Isn't it weird how no one ever says to not call historical figures straight because straightness is a modern construct and we can impose modern meanings on "man" and "woman" without much or often any tut-tutting about modern lenses?
Like no one should try to directly equate modern western identities to pre-colonial cultures' genders. But like why can cisness and straightness be treated as normal and natural at any time in history, but suggest Elagabalus might have been transgender and suddenly everyone's
wagging their fingers. Because the word "transgender" is modern and can never be used to describe someone who was assigned one gender and explicitly declared their need and desire to be assigned a different one, even casually. But Constantine's cisness is unquestioned.

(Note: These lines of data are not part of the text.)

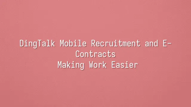 In this digital age, traditional hiring methods and paper-based contracts are gradually becoming obsolete. As a powerful enterprise collaboration tool, DingTalk offers mobile recruitment and electronic contract features, enab...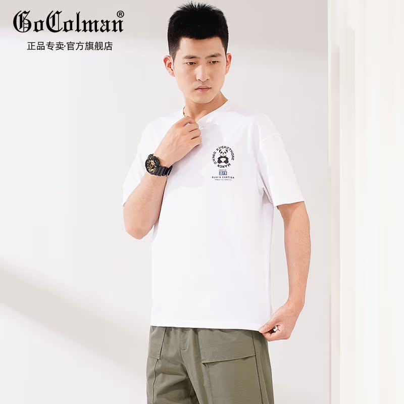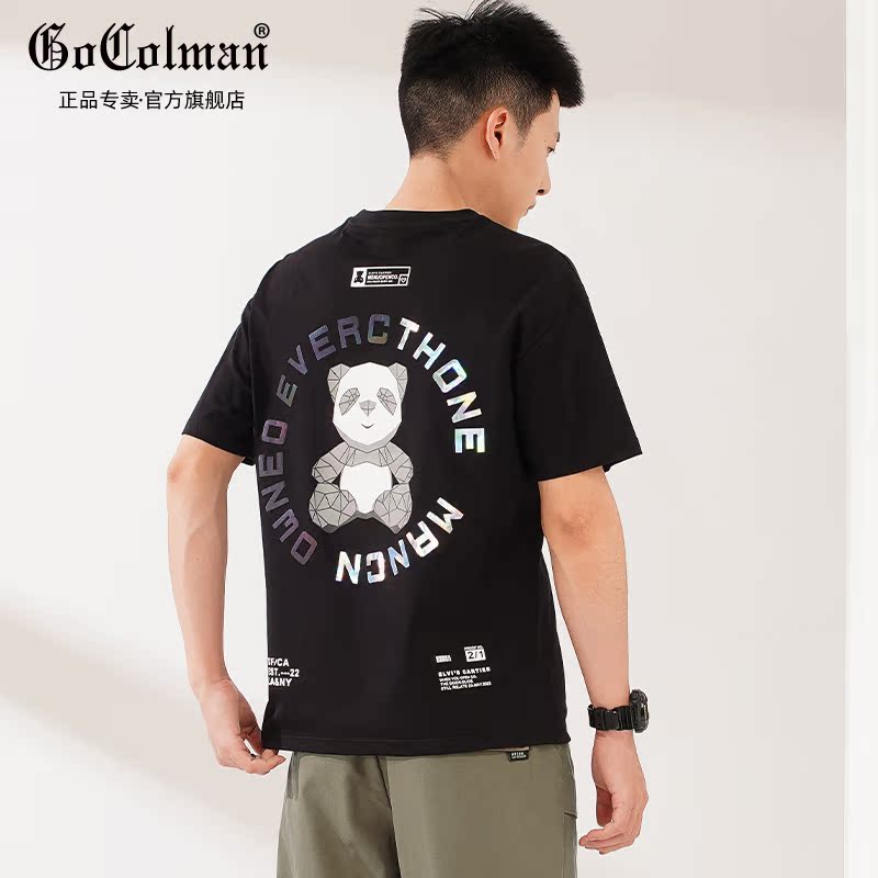 GoColman summer thin round neck short-sleeved men's 2022 new ins national tide panda printing bottoming cotton T-shirt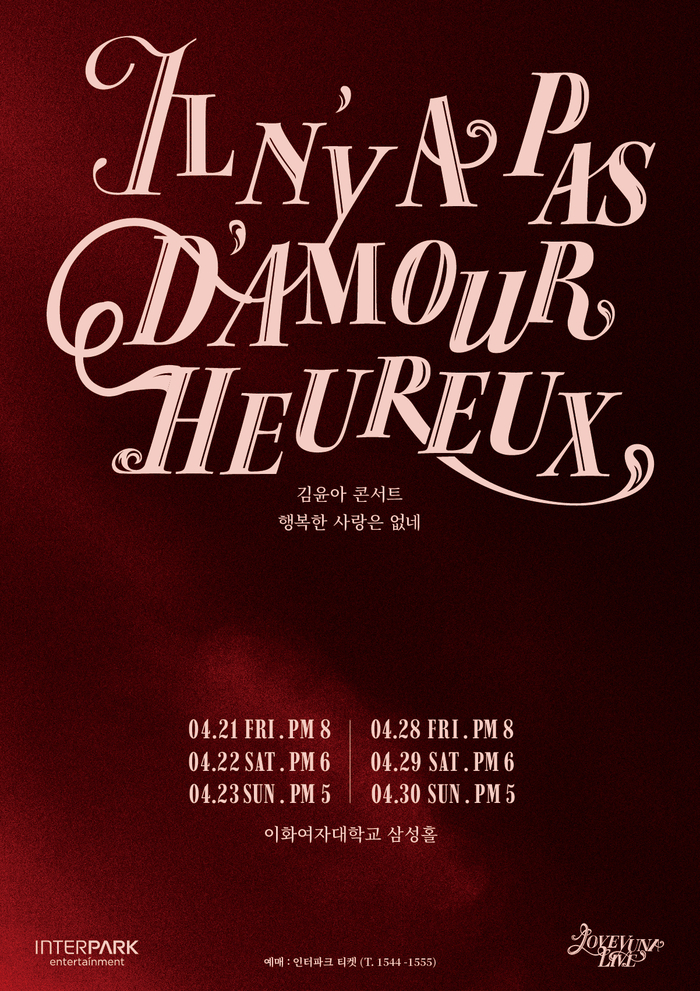 25일 소속사 인터파크 엔터테인먼트는 “김윤아가 다음달 7일 라이브앨범 ‘행복한 사랑은 없네’를 발매하고 동명의 솔로콘서트를 개최한다”고 밝혔다.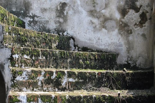 Do không có người ở nên rêu xanh mọc dày đặc bậc thang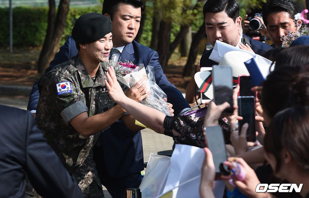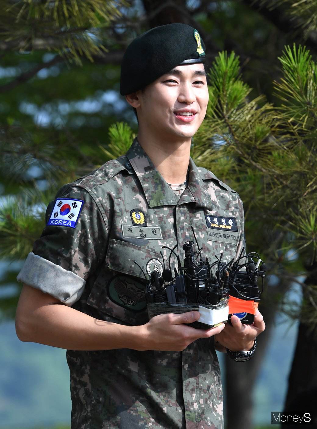 2/8人民網訊 7月1日上午,韓國人氣男星金秀賢在京畿道坡州市臨津閣舉行退伍儀式。當日,金秀賢帥氣現身活動,并向迎接自己歸來的粉絲們熱情問好。金秀賢于2017年10月23日入伍,在第一師團偵察大隊以現役身份服役。服役期間,他表現突出,并提前晉升上等兵和兵長。金秀賢于2007年出道,曾主演《DREAM HIGH》《擁抱太陽的月亮》《來自星星的你》等多部熱劇。

I don't mean existing culturally supported gender roles in precolonial societies, or existing culturally supported orientations. I just mean people like this: https://twitter.com/TheRaDR/status/987171135535149056
It comes off a lot like "You can't have any history because your current conditions are informed by Western ~values~ being used to stamp out any possibility of a history for people like you."
Replies to my tweet in response to this is what prompted this thread. The original tweet is about Shakespeare, the discussion is about Shakespeare. And still the "we can't conclude anyone is gay" from the professor mentioned in the tweet. https://twitter.com/dancingofpens/status/1309296803771187201
But we can of course conclude that they are straight.
Someone explain why the Athenians stereotyped Cleisthenes in ways extremely similar to how gay men these days have been stereotyped pls. Read Lysistrata for context.